-- Work instructions --
Pictures must not be copied, but every entry must be reproduced exactly.
** Data extract follows **
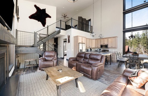 The main level Great Room has floor to ceiling windows, gas fireplace, and flatscreen tv. Guests will love the open kitchen and dining area with granite counters and brand new appliances.
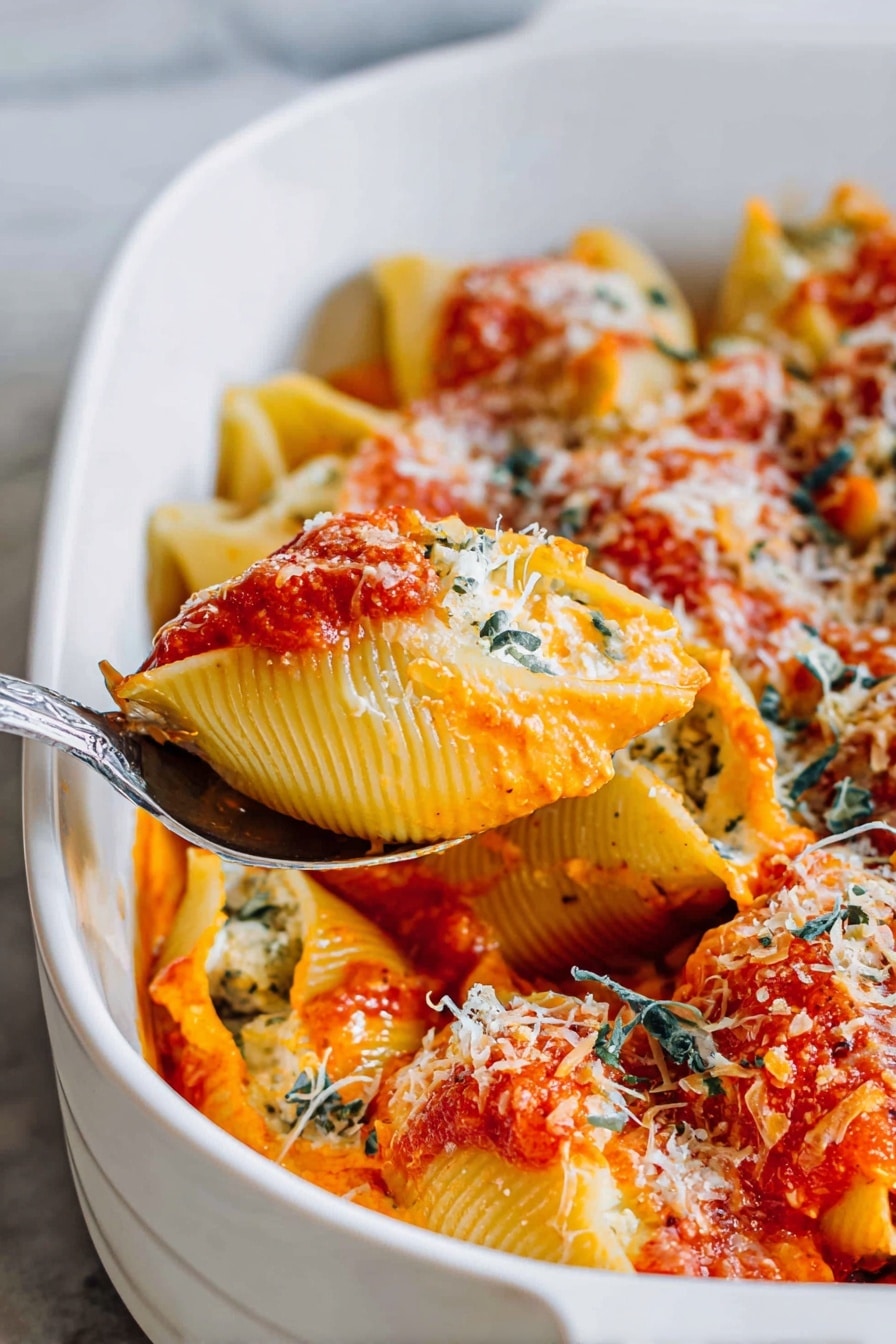 Spread about 3 cups of marinara on the bottom of a large baking dish—this keeps your pasta from sticking and adds a tangy base. Then, carefully stuff each shell with the pumpkin ricotta mixture, using a spoon or small scoop, and place them seam side up over the sauce. It’s a little fiddly at first, but once you get into the rhythm, it’s kinda fun. Finish by spooning the remaining marinara over the shells and sprinkle extra parmesan if you want that cheesy crust on top.
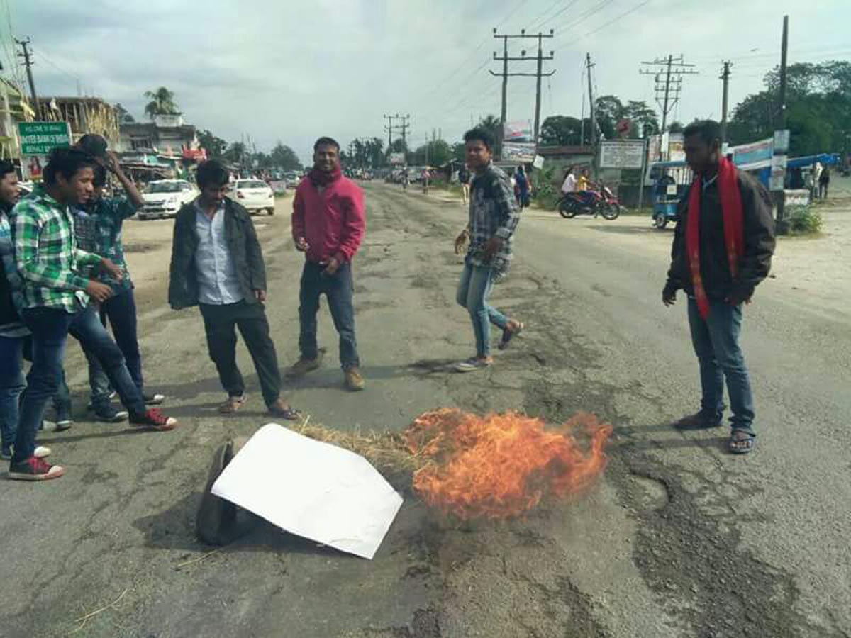 গুৱাহাটী, ২৮ নৱেম্বৰঃ আমচাং অভয়াৰণ্যত সোমবাৰৰ পৰা ৰাজ্য চৰকাৰে আৰম্ভ কৰা উচ্ছেদ অভিযান আৰু কৃষ মুক্তি সংগ্ৰাম সমিতিত নেতা ক্ৰমে বেদান্ত লস্কৰ, ধৈয্য কোঁৱৰক ষড়যন্ত্ৰৰে অসম আৰক্ষীয়ে গ্ৰেপ্তাৰ কৰাৰ বিৰুদ্ধে সমগ্ৰ ৰাজ্যজুৰি আজি কৃষক মুক্তি সংগ্ৰাম সমিতিয়ে প্ৰতিবাদী কার্যসুচি গ্ৰহণ কৰে। শিৱসাগৰ জিলাৰ উপায়ুক্ত কাৰ্যলায়ৰ সম্মুখত কৃষ মুক্তি সংগ্ৰাম সমিতিৰ কৰ্মকৰ্তাসকলে আজি আমচাংত উচ্ছেদ আৰু কৃষক মুক্তি সংগ্ৰাম সমিতিৰ নেতাৰ গ্ৰেপ্তাৰ বিৰুদ্ধে অৱস্থান ধৰ্মঘট কাৰ্যসূচী ৰূপায়ন কৰে। গোৱালপাৰা জিলাৰ যোগীঘোপাৰ চালান্তপাৰাত কৃষক ছাত্ৰ মুক্তি সংগ্ৰাম সমিতিয়ে প্ৰতিবাদী কাৰ্যসূচী গ্ৰহণ কৰি ৩১ নং ৰাষ্ট্ৰীয় ঘাইপথ অৱৰোধ কৰি মুখ্যমন্ত্ৰী সৰ্বানন্দ সোনোৱালৰ প্ৰতিকৃতি দাহ কৰে। বিশালীতো কৃষক মুক্তি সংগ্ৰাম সমিতি আৰু ছাত্ৰ মুক্তি সংগ্ৰাম সমিতিয়ে যৌথভাৱে প্ৰতিবাদ কৰি মুখ্যমন্ত্ৰীৰ প্ৰতিকৃতি দাহ কৰে।
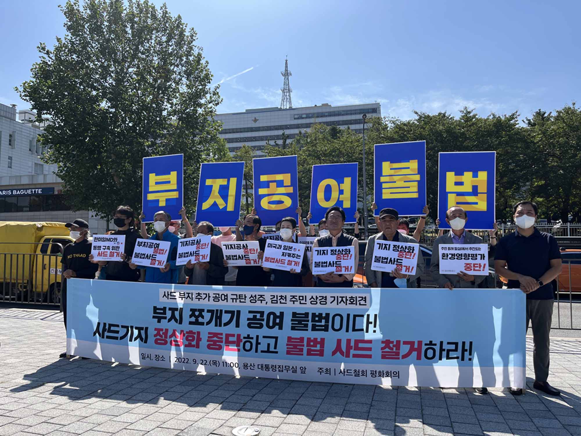 사드 반대단체·주민, 대통령실 앞 기자회견 "부지 쪼개기 공여는 불법"
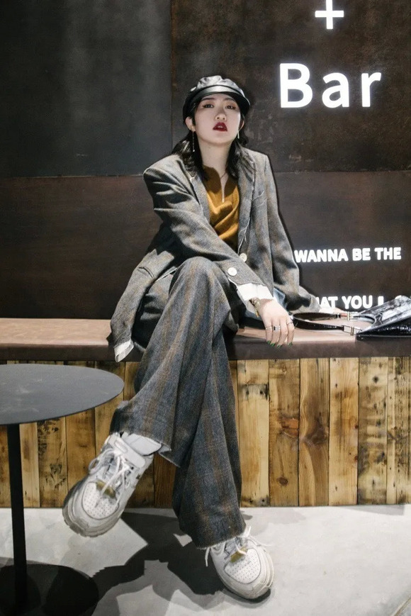 尤其是oversize套装+厚底鞋,完全就是今年最值得穿的一组。贝拉和Gutu都在这么穿~
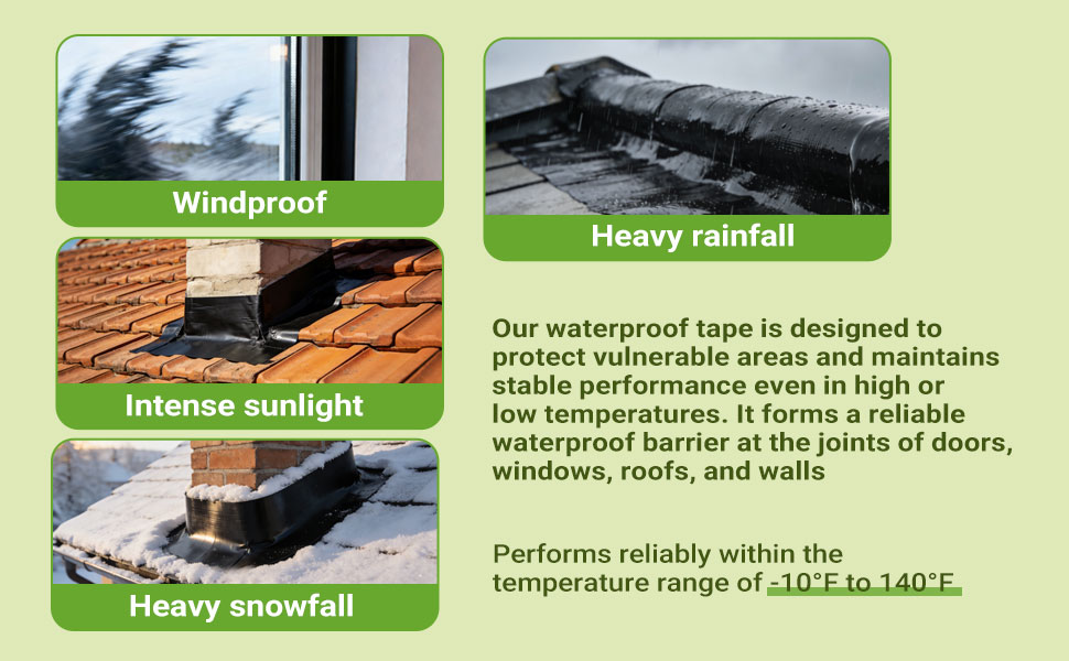 حماية من الأشعة فوق البنفسجية وجميع الأحوال الجوية: تم تصميم هذا الشريط الوامض المقاوم للماء للاستخدام في الهواء الطلق ويقاوم الأشعة فوق البنفسجية ودرجات الحرارة العالية والرطوبة والرياح والمطر. يمنع السطح المتين لشريط النافذة الوامض التشقق أو الشيخوخة، مما يضمن بقاء الشريط مثبتًا بشكل آمن خلال تغيرات الطقس الموسمية.
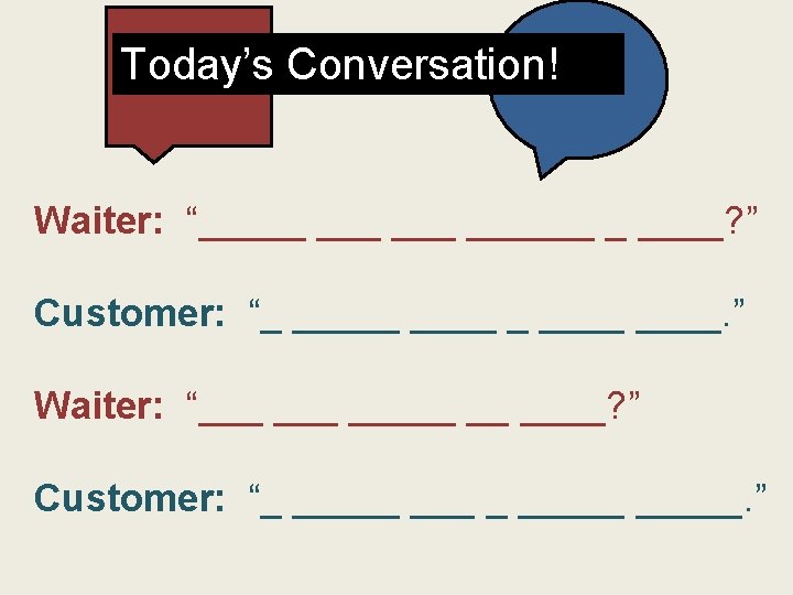 Today’s Conversation! Waiter: “Would you like anything to drink? ” Customer: “I would like a Cola please. ” Waiter: “Are you ready to order? ” Customer: “I would like a cheeseburger please. ”
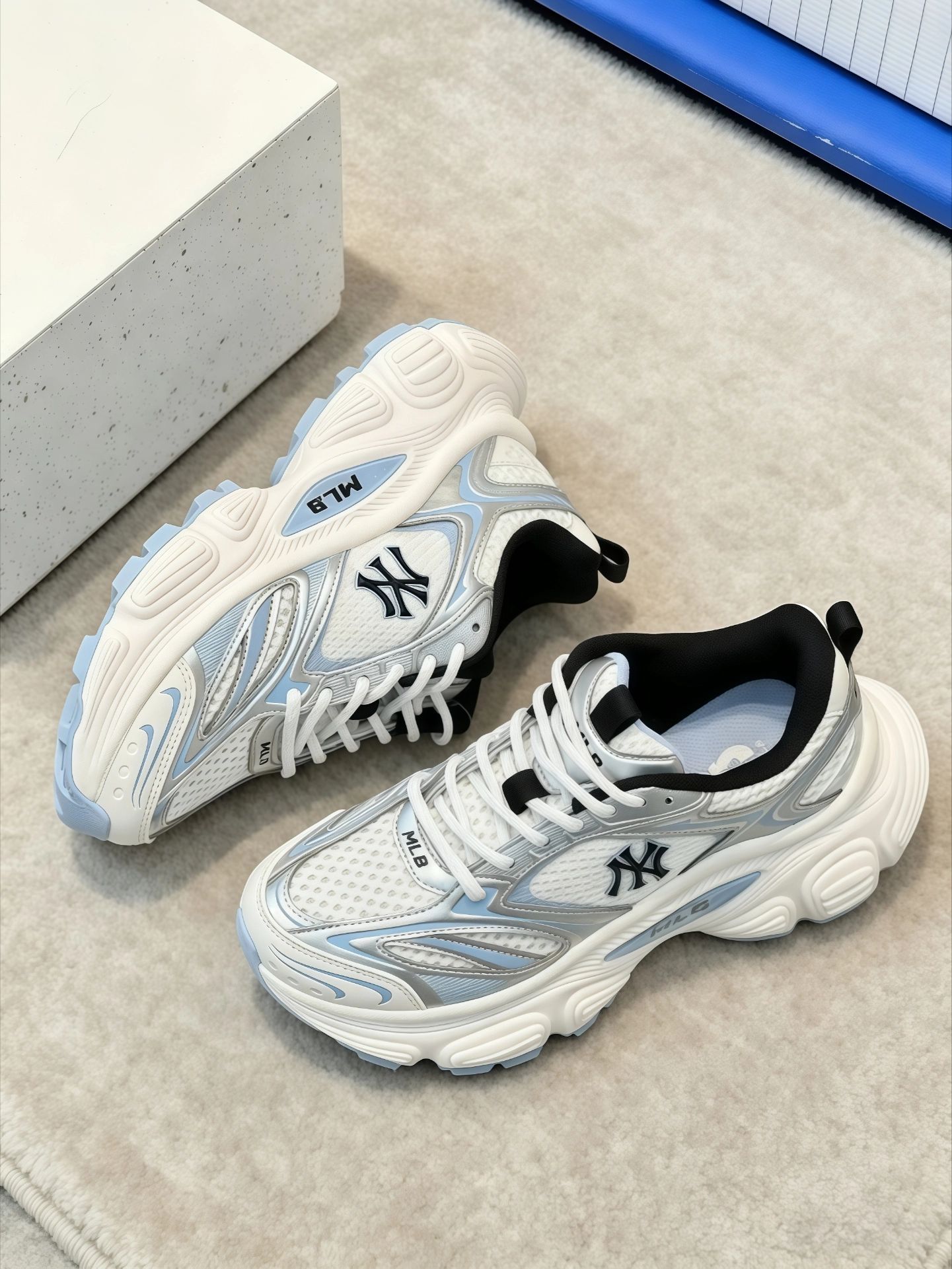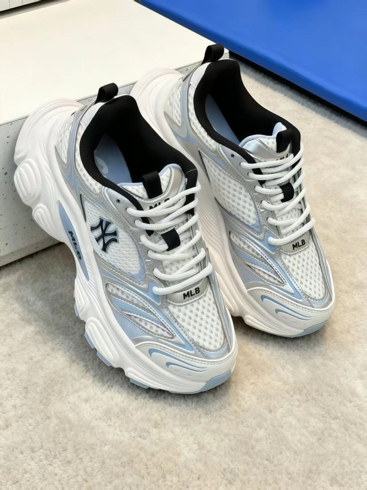 挖到宝藏神仙老爹鞋✨MLB银蓝配色美到犯规 极简银灰撞色浅蓝,高级又清爽,自带清冷韩系滤镜,颜值直接戳在心巴上💙 轻量化厚底设计,上脚舒服不压脚,暴走一整天毫无压力,悄悄拉长腿部线条 复古运动风拉满,细节质感在线,不管是日常休闲还是潮流穿搭都能完美适配,春夏百搭刚需款,闭眼入不踩雷!
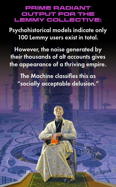 MeatPilot@sh.itjust.works to Sci-Fi Memes@lemmy.world · 1 month agoSunday update from the Prime Radiantsh.itjust.worksimagemessage-square0fedilinkarrow-up11 cross-posted to: lemmyshitpost@lemmy.world
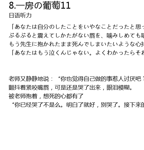 | 老师又静静地说:“你也觉得自己做的事惹人讨厌吧?”,我再也受不了了。 颤抖着紧咬嘴唇,可是还是哭了出来,眼泪模糊。 被老师抱着,想死的心都有了 “你已经哭了不是么。明白了就好,别哭了。接下来的时间不去教室也可以,呆在我的房间吧。安静地呆着。我回来之前在这呆着哈。”说着,让我坐在长椅上,那时又敲了上课铃,给我拿了桌子上的书,在我的方向能看到的爬上二楼的窗子高度的葡萄蔓,摘下了一串外国葡萄,房子还在苦的我的膝盖上,静静地离开了屋子。 |
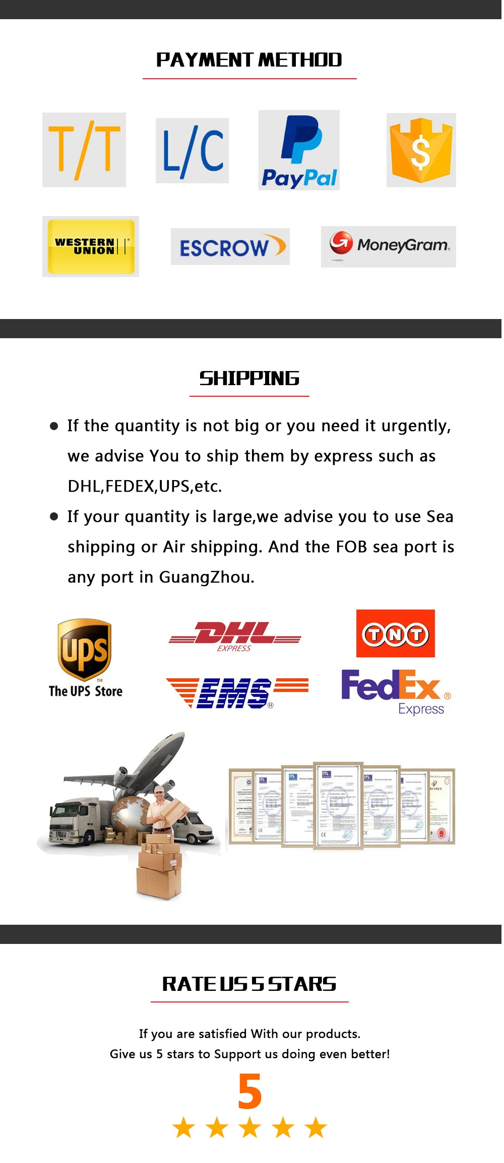 В: что такое «Другой» вариант вилки?О: если ваша страна не относится к евро, американскому, английскому, австралийскому, вы можете выбрать «Другой», а затем оставить нам сообщение о том, какой тип вилки вам нужен.Вопрос: влияет ли неточная информация покупателя?О: Да, вам будет сложно получить товар или вы не получите товар. Поэтому покупатель должен указать правильный номер телефона, адрес, почтовый индекс.В: почему цена продукта низкая?О: потому что мы прямые продажи с фабрики, гарантируем высокое качество и низкую цену.В: Я хочу отменить заказ, что мне нужно сделать?О: Пожалуйста, выберите «другую» причину на странице заказа и запросите возврат средств.В: Могу ли я настроить логотип?О: Да, мы можем. Если вам нужен индивидуальный логотип, пожалуйста, свяжитесь с нами.Вопрос: Что делать, если есть таможенные вопросы?О: вы можете заранее спросить меня о таможенных вопросах, и мы постараемся сделать все возможное, чтобы ответить и решить проблему для вас.В: что такое Удаленная область?О: курьерская компания не может охватить области распределения, которые требуют помощи сторонних вечерние или требуют больше рабочей силы и ресурсов. Доставка в отдаленные районы требует дополнительных сборов. Различные региональные компании экспресс-доставки имеют различные стандарты зарядки. Дополнительные расходы на доставку в отдаленных районах оплачивает курьерская компания, а не продавец.
** End of Data extract **
-- Response box --
 The main level Great Room has floor to ceiling windows, gas fireplace, and flatscreen tv. Guests will love the open kitchen and dining area with granite counters and brand new appliances.
 Spread about 3 cups of marinara on the bottom of a large baking dish—this keeps your pasta from sticking and adds a tangy base. Then, carefully stuff each shell with the pumpkin ricotta mixture, using a spoon or small scoop, and place them seam side up over the sauce. It’s a little fiddly at first, but once you get into the rhythm, it’s kinda fun. Finish by spooning the remaining marinara over the shells and sprinkle extra parmesan if you want that cheesy crust on top.
 গুৱাহাটী, ২৮ নৱেম্বৰঃ আমচাং অভয়াৰণ্যত সোমবাৰৰ পৰা ৰাজ্য চৰকাৰে আৰম্ভ কৰা উচ্ছেদ অভিযান আৰু কৃষ মুক্তি সংগ্ৰাম সমিতিত নেতা ক্ৰমে বেদান্ত লস্কৰ, ধৈয্য কোঁৱৰক ষড়যন্ত্ৰৰে অসম আৰক্ষীয়ে গ্ৰেপ্তাৰ কৰাৰ বিৰুদ্ধে সমগ্ৰ ৰাজ্যজুৰি আজি কৃষক মুক্তি সংগ্ৰাম সমিতিয়ে প্ৰতিবাদী কার্যসুচি গ্ৰহণ কৰে। শিৱসাগৰ জিলাৰ উপায়ুক্ত কাৰ্যলায়ৰ সম্মুখত কৃষ মুক্তি সংগ্ৰাম সমিতিৰ কৰ্মকৰ্তাসকলে আজি আমচাংত উচ্ছেদ আৰু কৃষক মুক্তি সংগ্ৰাম সমিতিৰ নেতাৰ গ্ৰেপ্তাৰ বিৰুদ্ধে অৱস্থান ধৰ্মঘট কাৰ্যসূচী ৰূপায়ন কৰে। গোৱালপাৰা জিলাৰ যোগীঘোপাৰ চালান্তপাৰাত কৃষক ছাত্ৰ মুক্তি সংগ্ৰাম সমিতিয়ে প্ৰতিবাদী কাৰ্যসূচী গ্ৰহণ কৰি ৩১ নং ৰাষ্ট্ৰীয় ঘাইপথ অৱৰোধ কৰি মুখ্যমন্ত্ৰী সৰ্বানন্দ সোনোৱালৰ প্ৰতিকৃতি দাহ কৰে। বিশালীতো কৃষক মুক্তি সংগ্ৰাম সমিতি আৰু ছাত্ৰ মুক্তি সংগ্ৰাম সমিতিয়ে যৌথভাৱে প্ৰতিবাদ কৰি মুখ্যমন্ত্ৰীৰ প্ৰতিকৃতি দাহ কৰে।
 사드 반대단체·주민, 대통령실 앞 기자회견 "부지 쪼개기 공여는 불법"
 尤其是oversize套装+厚底鞋,完全就是今年最值得穿的一组。贝拉和Gutu都在这么穿~
 حماية من الأشعة فوق البنفسجية وجميع الأحوال الجوية: تم تصميم هذا الشريط الوامض المقاوم للماء للاستخدام في الهواء الطلق ويقاوم الأشعة فوق البنفسجية ودرجات الحرارة العالية والرطوبة والرياح والمطر. يمنع السطح المتين لشريط النافذة الوامض التشقق أو الشيخوخة، مما يضمن بقاء الشريط مثبتًا بشكل آمن خلال تغيرات الطقس الموسمية.
 Today’s Conversation! Waiter: “Would you like anything to drink? ” Customer: “I would like a Cola please. ” Waiter: “Are you ready to order? ” Customer: “I would like a cheeseburger please. ”
 挖到宝藏神仙老爹鞋✨MLB银蓝配色美到犯规 极简银灰撞色浅蓝,高级又清爽,自带清冷韩系滤镜,颜值直接戳在心巴上💙 轻量化厚底设计,上脚舒服不压脚,暴走一整天毫无压力,悄悄拉长腿部线条 复古运动风拉满,细节质感在线,不管是日常休闲还是潮流穿搭都能完美适配,春夏百搭刚需款,闭眼入不踩雷!
 MeatPilot@sh.itjust.works to Sci-Fi Memes@lemmy.world · 1 month agoSunday update from the Prime Radiantsh.itjust.worksimagemessage-square0fedilinkarrow-up11 cross-posted to: lemmyshitpost@lemmy.world
 | 老师又静静地说:“你也觉得自己做的事惹人讨厌吧?”,我再也受不了了。 颤抖着紧咬嘴唇,可是还是哭了出来,眼泪模糊。 被老师抱着,想死的心都有了 “你已经哭了不是么。明白了就好,别哭了。接下来的时间不去教室也可以,呆在我的房间吧。安静地呆着。我回来之前在这呆着哈。”说着,让我坐在长椅上,那时又敲了上课铃,给我拿了桌子上的书,在我的方向能看到的爬上二楼的窗子高度的葡萄蔓,摘下了一串外国葡萄,房子还在苦的我的膝盖上,静静地离开了屋子。 |
 В: что такое «Другой» вариант вилки?О: если ваша страна не относится к евро, американскому, английскому, австралийскому, вы можете выбрать «Другой», а затем оставить нам сообщение о том, какой тип вилки вам нужен.Вопрос: влияет ли неточная информация покупателя?О: Да, вам будет сложно получить товар или вы не получите товар. Поэтому покупатель должен указать правильный номер телефона, адрес, почтовый индекс.В: почему цена продукта низкая?О: потому что мы прямые продажи с фабрики, гарантируем высокое качество и низкую цену.В: Я хочу отменить заказ, что мне нужно сделать?О: Пожалуйста, выберите «другую» причину на странице заказа и запросите возврат средств.В: Могу ли я настроить логотип?О: Да, мы можем. Если вам нужен индивидуальный логотип, пожалуйста, свяжитесь с нами.Вопрос: Что делать, если есть таможенные вопросы?О: вы можете заранее спросить меня о таможенных вопросах, и мы постараемся сделать все возможное, чтобы ответить и решить проблему для вас.В: что такое Удаленная область?О: курьерская компания не может охватить области распределения, которые требуют помощи сторонних вечерние или требуют больше рабочей силы и ресурсов. Доставка в отдаленные районы требует дополнительных сборов. Различные региональные компании экспресс-доставки имеют различные стандарты зарядки. Дополнительные расходы на доставку в отдаленных районах оплачивает курьерская компания, а не продавец.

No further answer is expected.